|State Veterinarian Taylor Woods
Receives National Award
Missouri's state veterinarian Dr. Taylor Woods, a 1959 graduate of the MU College of Veterinary Medicine, has been awarded the 2010 James A. Graham Award for Outstanding Service to Agriculture by the National Association of State Departments of Agriculture. This prestigious national honor recognizes the contributions of one individual for service to agriculture.
For more than 30 years, Woods has led efforts to protect Missouri's livestock from disease. His expertise has helped the state gain recognition throughout the world as a producer of quality livestock.
Woods embraces both his roles as Missouri's State Veterinarian and Director of the Department of Agriculture's Animal Health Division. With nearly 100,000 animals moving into and out of the state each week, it is critical that Missouri's livestock remains disease free. Woods continues to guide his staff to constantly monitor the interstate and intrastate movement of livestock for disease outbreaks and risks as they venture through Missouri's network of over 70 livestock markets.
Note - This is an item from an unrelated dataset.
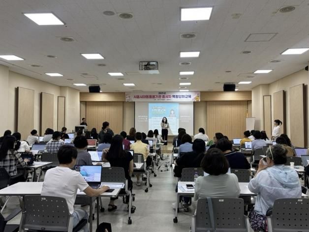 ‘돌봄 현장에 바로 쓰는 인공지능 활용 교육’이라는 주제로 진행된 이번 교육에는 지역아동센터 34곳, 아이누리 돌봄센터 25곳, 학교돌봄터 3곳 등 총 62곳 아동돌봄기관에서 70여 명의 종사자가 참여해 높은 관심을 보였다.

Taylor Woods has been the state's top veterinarian twice, with a total tenure of nearly 20 years leading the Animal Health Division. During these two tenures as State Veterinarian, Woods has led Missouri to the forefront of the U.S. agricultural industry. With a career in large animal veterinary medicine and animal health regulation spanning a half century, Woods brings a wealth of knowledge and experience to his position. He has spent his entire career developing procedures and policies to indentify and combat tuberculosis, pseudorabies, avian influenza and dozens of other diseases that could threaten the viability of Missouri's livestock industry. He led the charge in eliminating the last positive brucellosis herds in the state and Missouri was granted a bovine brucellosis free status in May 2004. He has been instrumental in obtaining a pseudorabies-free status in both Missouri and Arkansas. Woods also developed the Equine Infection Anemia programs in Missouri and Arkansas, which have been instrumental in the reduction of positive equines and still a valuable asset to the eradication of the disease.